Özetle, her yeni nesil yeni bir değerler sistemi anlamına geliyor. Her yeni nesille birlikte zamanın ruhu değişiyor. Hayatlarımız birbirimizin hayatını etkiliyor. Bir sabah kalkıp başka bir dünyaya uyanmıyoruz sonuçta. Sosyal değişimler farklı hızlarda da olsa hayatımızı şekillendiriyor. Genel olarak yaş gruplarına bağlı hızlı değişimler de var, farklı yaş toplulukları boyunca gerçekleşen daha yavaş olanlar da. Bütün bunlar toplumları da değiştiriyor nihayetinde. Geleneksel toplumdan, birbirine benzer sosyal birimlerden oluşan bir yapıdan modern topluma, çoklu üyeliklere, çoklu kimliklere izin veren başka bir topluma geçiyoruz mesela.

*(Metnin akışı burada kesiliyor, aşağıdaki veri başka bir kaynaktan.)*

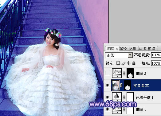 Photoshop调出楼梯婚片艳丽的蓝紫色(5)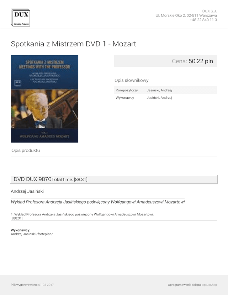 DUX S.J. Ul. Morskie Oko 2, 02-511 Warszawa +48 22 849 11 3 Spotkania z Mistrzem DVD 1 - Mozart Cena: 50,22 pln Opis słownikowy Kompozytorzy Jasiński, Andrzej ∎ Wykonawcy Jasiński, Andrzej ∎ Opis produktu DVD DUX 9870Total time: [88:31] Andrzej Jasiński Wykład Profesora Andrzeja Jasińskiego poświęcony Wolfgangowi Amadeuszowi Mozartowi 1. Wykład Profesora Andrzeja Jasińskiego poświęcony Wolfgangowi Amadeuszowi Mozartowi. [88:31] Wykonawcy: Andrzej Jasiński /fortepian/ Plik wygenerowano: 01-03-2017 Powered by TCPDF (www.tcpdf.org) Oprogramowanie sklepu: AptusShop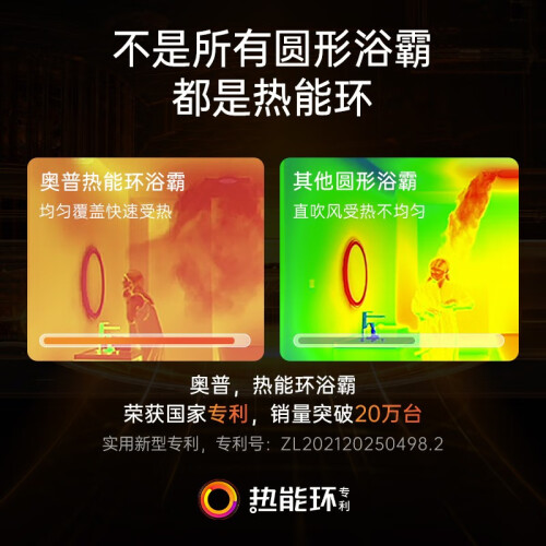 360°激活空气,处处温暖。热能环的加热面积是同功率直吹浴霸的2倍,瞬间激活空气,实现360环抱暖风,立体升温。在飓风增压下,吹出360°立体风圈,源源不断的形成热能矩阵向外均匀扩散,让卫浴空间处处温暖。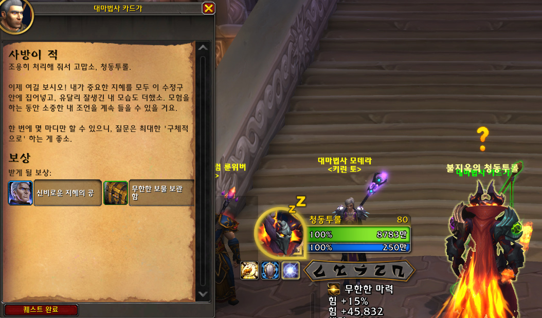 달라란의 보랏빛 성채에 있는 '카드가'한테 완료할 수 있습니다.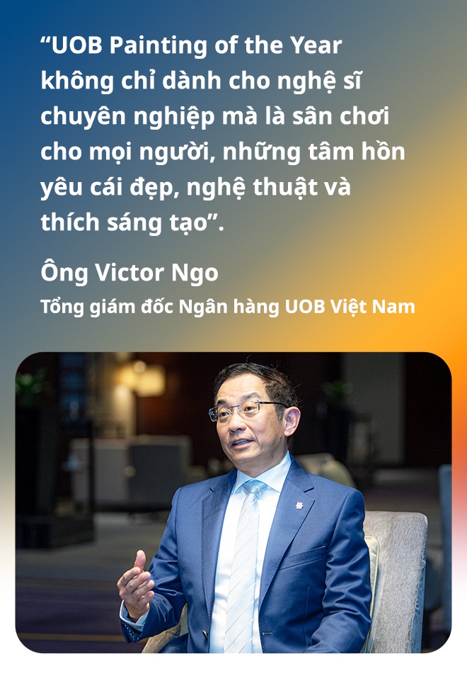 - Trong hơn 40 năm gắn bó và ủng hộ cho nghệ thuật, đặc biệt thông qua cuộc thi “UOB Painting of the Year”, mục tiêu cuối cùng của chúng tôi là mang nghệ thuật thị giác đến gần hơn với công chúng. Cuộc thi “UOB Painting of the Year” không chỉ dành cho nghệ sĩ chuyên nghiệp mà hơn hết là sân chơi cho mọi người, những tâm hồn yêu cái đẹp, nghệ thuật và thích sáng tạo.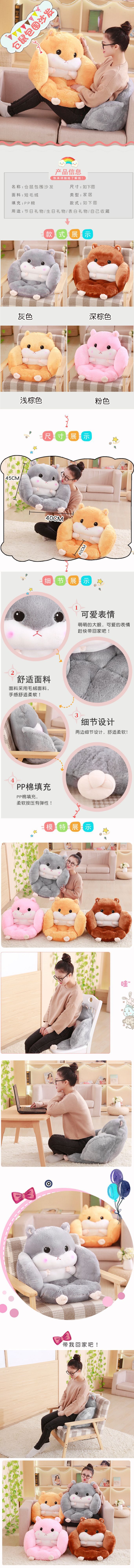 毛绒玩具可爱仓鼠半包围坐垫独角兽恐龙胡萝卜抱枕坐垫椅垫沙发垫

Türkiye gibi, önemli toplumsal ve siyasal değişimlerin kısa süreler içinde vuku bulduğu, demografik anlamda dinamik bir ülkede sosyal kutuplaşma sadece siyasi fikirler üzerinden değil, kültürel kimlikler, hayat tarzları, nesil farklılıkları üzerinden de yaşanıyor. Bu sıkıntıyı aşabilmek için yeni nesillere alan açmak en çok bizim sorumluluğumuz diye düşünüyorum.

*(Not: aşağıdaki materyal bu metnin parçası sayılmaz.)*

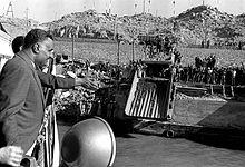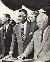 The American Secretary of State John Foster Dulles and the American President Dwight Eisenhower told Nasser that the U.S. would supply him with weapons only if they were used for defensive purposes and accompanied by American military personnel for supervision and training. Nasser did not accept these conditions, but then he looked to the USSR for support. Although Dulles believed that Nasser was only bluffing and that the USSR would not aid Nasser, he was wrong— the USSR promised Nasser a quantity of arms in exchange for a deferred payment of Egyptian grain and cotton. On 27 September 1955, Nasser announced an arms deal, with Czechoslovakia acting as a middleman for the Soviet support.[8] Instead of attacking Nasser for turning to the Soviets, Dulles sought to improve relations with him. This explains the later offer of December 1955, in which the U.S. and Britain pledged $56 and $14 million respectively towards the construction of the dam.[9]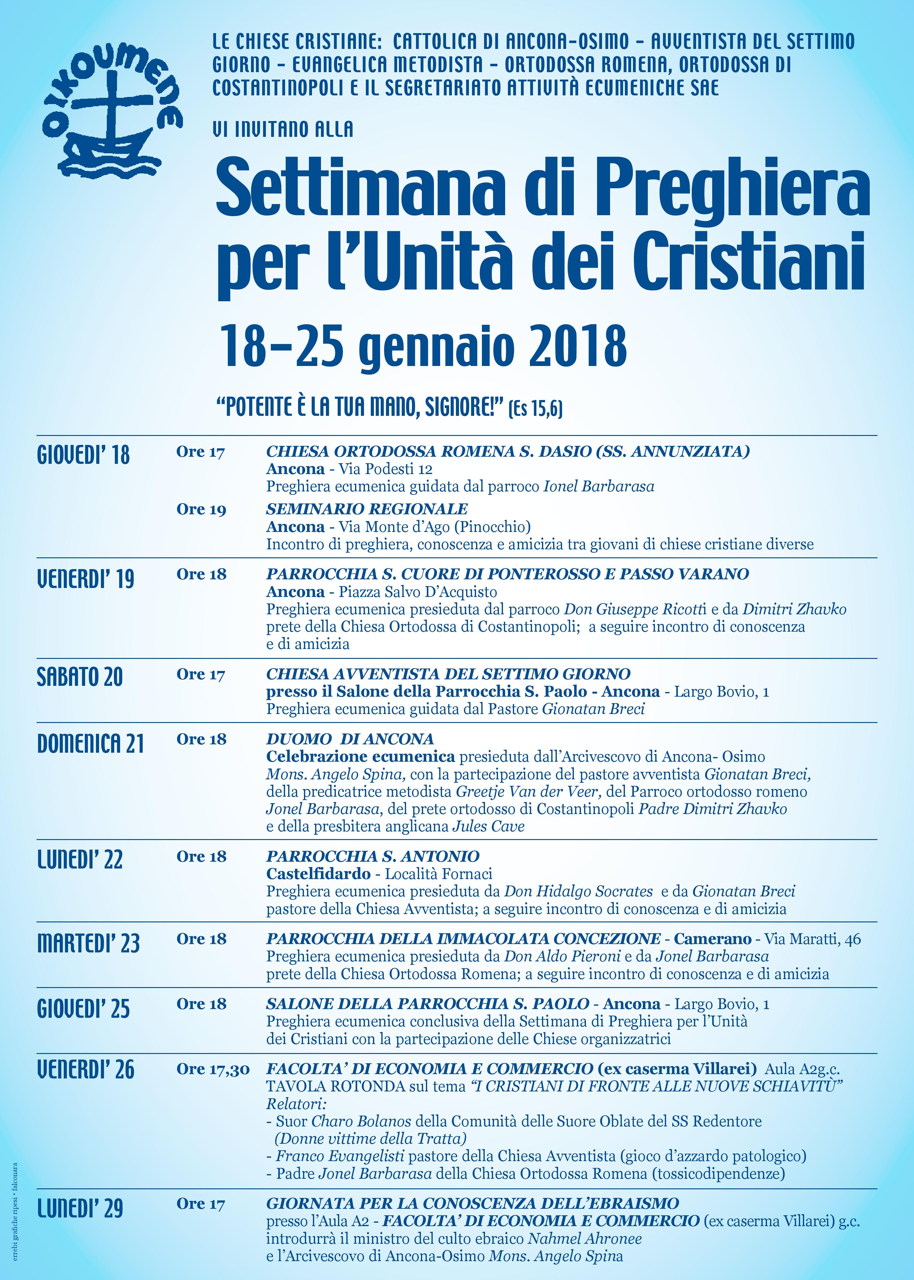 Ecumenismo, Eventi diocesani 14 Gennaio 2018 andreaf Settimana di preghiera per l’unità dei cristiani 2018 giovedì 25 Gennaio Inizio: 25/01/2018 00:00 Fine: 25/01/2018 23:59 Categorie: Eventi diocesani, Ecumenismo CONDIVIDIemailPrintFacebookTwitter

Gençlik çok güzel şey. Bulunduğum yerden geçmişe dönüp baktığımda, o zamanlar bunu bilmesem de zamanında mutlu ve güçlü bir genç olduğumu görüyorum. Gençlik de hayat gibi, ona dair bilgisizliğimizle keyfini sürebileceğimiz bir şey belki de.
Sadece geleceği kurmak değil aynı zamanda dünyayı takmamak, keyfince yaşamak, tadını çıkaracağın hatalar yapmak, hatta saçmalamak için de insan hayatının en değerli zaman dilimi. Sadece Türkiye’yi değil dünyayı değiştireceğimizi samimiyetle düşünürdük biz gençken, her anını mutlulukla anıyorum şimdi.

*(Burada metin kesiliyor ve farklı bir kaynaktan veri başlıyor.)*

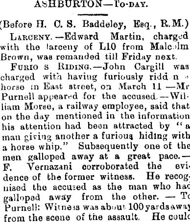 ASHBURTON— To-day. (Before H. 0. 8. Baddeley, Esq., R.M.) LiRGENY. —Edward Martin, charged with the larceny of LlO from Malcolm Brown, was remanded till Friday next. Furio s Riding. —John Cargill was charged with having furiously ridd n * horse in East street, on March II —Mr Purnell appeared for the accused.—William Morse, a railway employee, said that on the day mentioned in the information his attention had been attracted by “ a man giving another a furious hiding with a horse whip.” Subsequently one of the men galloped away at a great pace.— F. Vernazani corroborated the evidence of the former witness. He recognised the accused as the man who had galloped away from the other. To Purnell: Witness was about lOOyardsaway from the scene of the assault. He could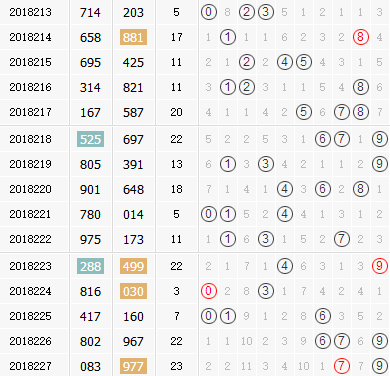 回顾:18227期开奖结果为:977;奇偶形态:奇奇奇;大小形态:大大大;和值:23;跨度2;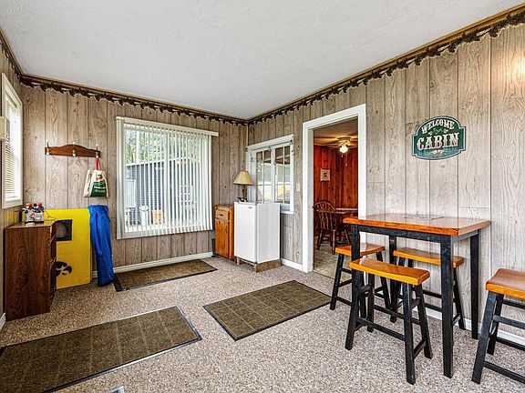 The living room invites you into a warm and cozy atmosphere, perfect for winding down with your favorite television shows or enjoying spirited movie nights. The cabin features two generously sized bedrooms, a charming dining room that’s perfect for family meals, and a fully equipped kitchen that promises culinary delights.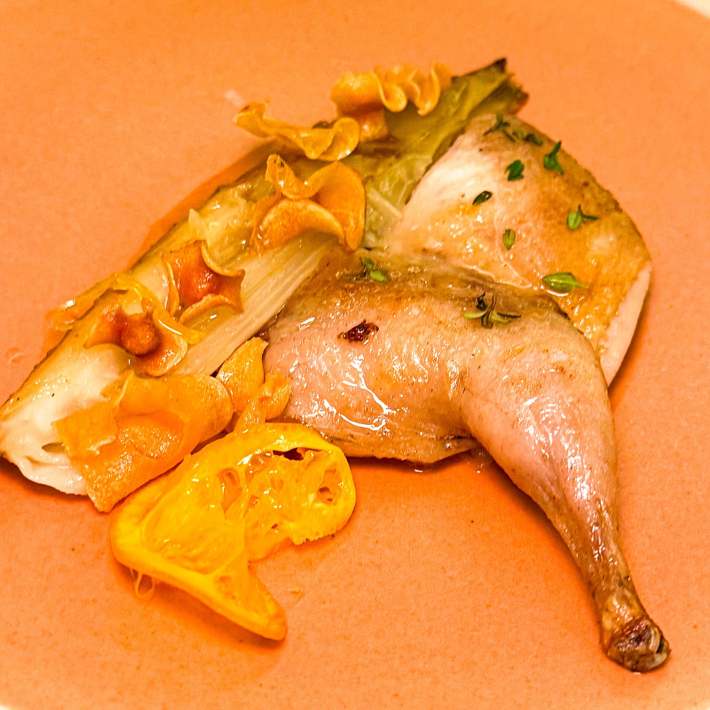 Not every dish was dominated by smoke and char. This caille á l’orange featured some beautifully (barely) cooked quail with confit orange, an intense hazelnut oil, and a deeply caramelized spear of endive topped with parsnip chips.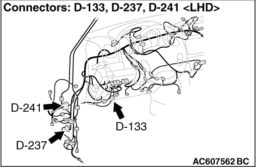 (1)Disconnect the connector, and measure at the wiring harness side.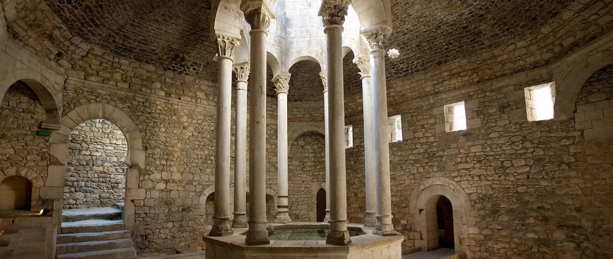 1194년(이전)부터 있었던 것으로 추정되는 대중 목욕탕으로 1285년 프랑스 필립 3세 군대의 포위 공격 중 부분적으로 파괴되었다가 1294년 제임스 2세 국왕 때 재건된 지로나의 역사적 기념물 중 하나에요. 한때 수녀원의 일부로 사용되기도 했습니다.
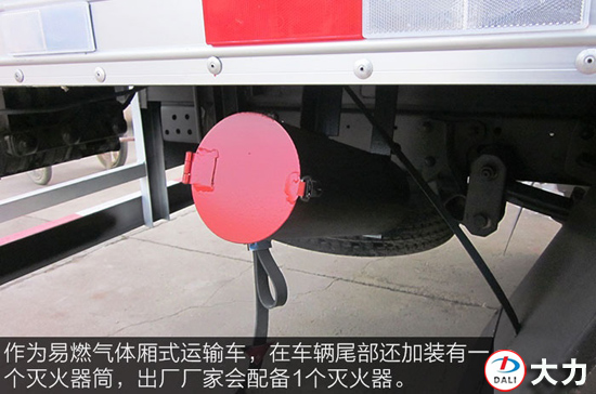 作為易燃?xì)怏w廂式運(yùn)輸車,在車輛尾部還加裝有一個(gè)滅火器筒,出廠廠家會配備1個(gè)滅火器,發(fā)生緊急情況時(shí)可救急使用。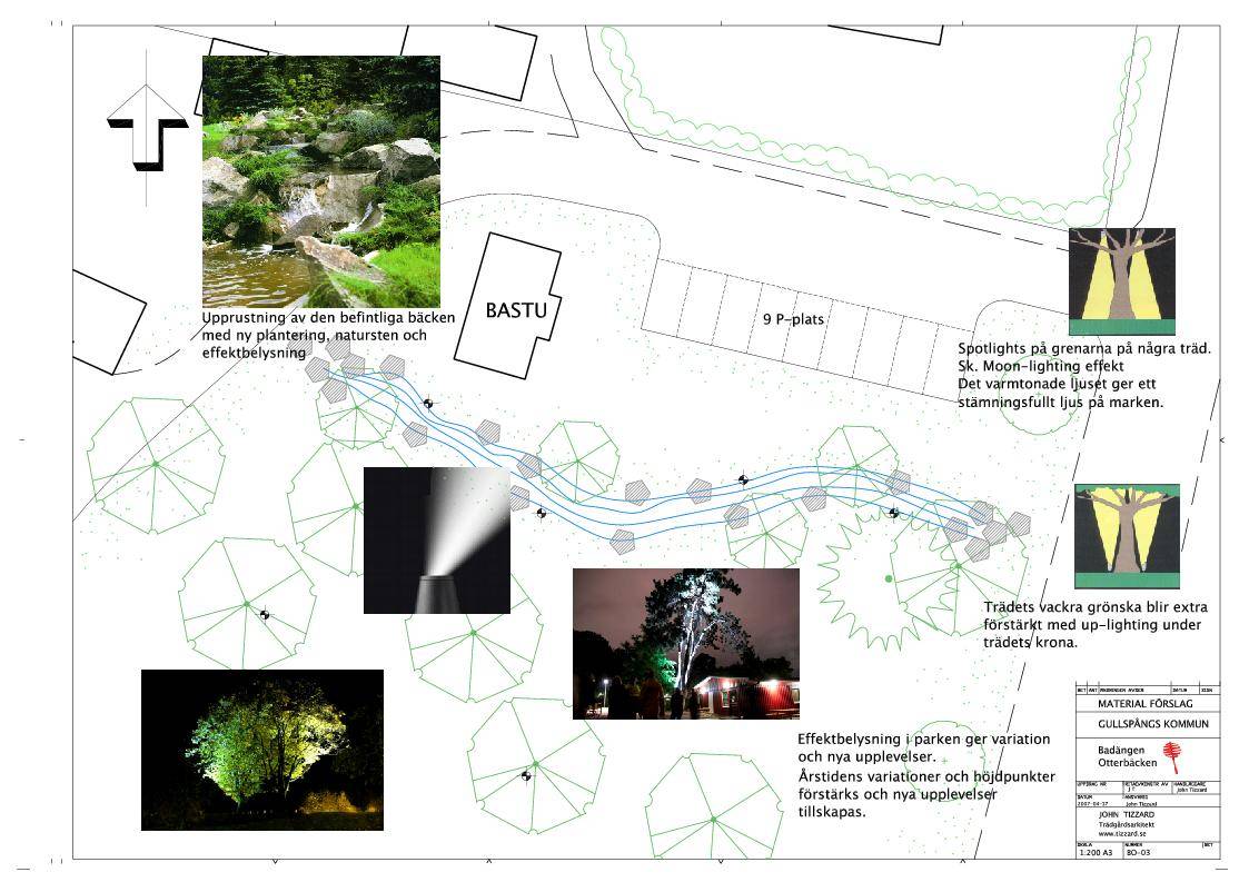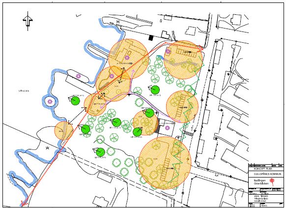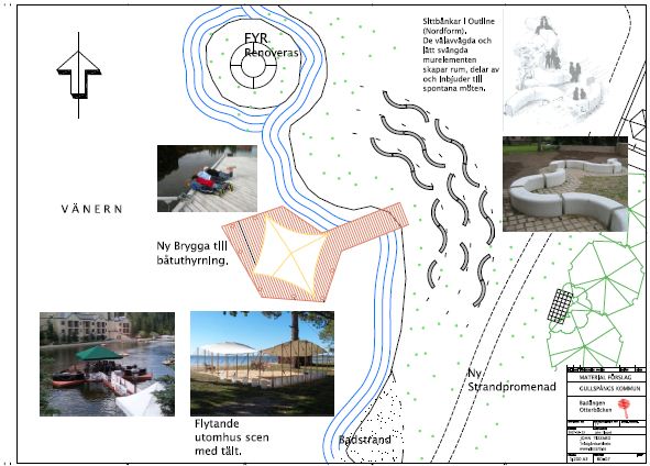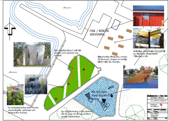 Skissförslag till ny situationsplan som inkluderar parkens framtida utformning med förslag till material, växter och belysning.

Sözün özü, önümüzdeki seçimler gençlere borcumuzu ödemek için önemli bir vesile diye düşünüyorum. O yüzden ebemkuşağını temsilen ufak bir ricam olacak sizden. Oy pusulasında damgayı vuracağınız yeri ararken aklınızdan en çok gençler geçsin.
İş bulamadığı ya da bulduğu güvencesiz işler için hayatından vazgeçenler, çalışırken ciğeri fiberglas ve asbestle dolanlar, mülakatları toramanların çocukları yüzünden geçemeyenler, kızlı erkekli oturunca sürtük muamelesi görenler, yaşlı başlı adamlar tarafından sırf onlarla aynı fikirde değil diye terörist olarak itham edilenler, ezcümle gençliklerini yaşama hakkı kendilerine tanınmayan evlatlarımız gelsin aklınıza.
Bu seçimin bizlere en büyük ödülü genç taklidi yapıp her fırsatta gençleri azarlayanlara geçit vermemek olsun.
Sözün özü, aman diyeyim seçim zamanı gençlere kıyanlara yol vermeyelim annem!